Babylon Health
- Traded as: NYSE: BBLN
- Industry: Health care
- Founded: 2013
- Founder: Ali Parsa
- Defunct: 2023
- Fate: Bankruptcy and sale
- Headquarters: London, United Kingdom
- Revenue: US$322.9 million (2021)
- Number of employees: 2,189 (2021)
- Website: babylonhealth.com

= Babylon Health =

Defunct UK subscription health service provider

Babylon Health was a health service provider that utilized artificial intelligence and virtual clinical operations. Patients were connected with health care professionals through their web and mobile application. The company's subscription business model for private healthcare services was introduced in the UK in 2013, and later expanded to 17 countries. In 2019 the company covered over 20 million people and provided over 5,000 consultations per day.

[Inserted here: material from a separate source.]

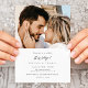 Celebre sua história de amor com este convite de casamento de fotos elegantes moderno. Apresentando um layout de foto de cheio emparelhado com a tipografia do na moda, este modelo personalizável foi projetado para casais que apreciam eternos e papelaria de casamento. Personalize com seus nomes, detalhes de casamento e informações de RSVP para criar uma manutenção única que reflita perfeitamente seu dia especial. Ideal para casamentos modernos, minimalistas e sofisticados.

Babylon Health's American branch filed for bankruptcy in August 2023 and the British branch called in the administrator weeks later. In August 2023, Forbes reported the company was "winding down" its business in Rwanda, potentially disrupting care for 2.8 million people. In August 2023, Babylon Health's UK operations were bought by eMed Healthcare UK, limited. This allowed its private and "GP at Hand" NHS business to continue operating under the new brand name "eMed".

== History ==
The company was founded in 2013 by Ali Parsa, who was previously the CEO of the Circle Health hospital operator and an investment banker. Babylon Health was owned by its holding company Babylon Holdings Limited along with Babylon's technology branch. In 2014 Babylon Health Services Ltd. registered with the Care Quality Commission.

In January 2016, Babylon Health received investments from Hoxton Ventures, Kinnevik and the founders of Google Deepmind, among others. According to the company, around 4,000 daily medical consultations were offered in 2019.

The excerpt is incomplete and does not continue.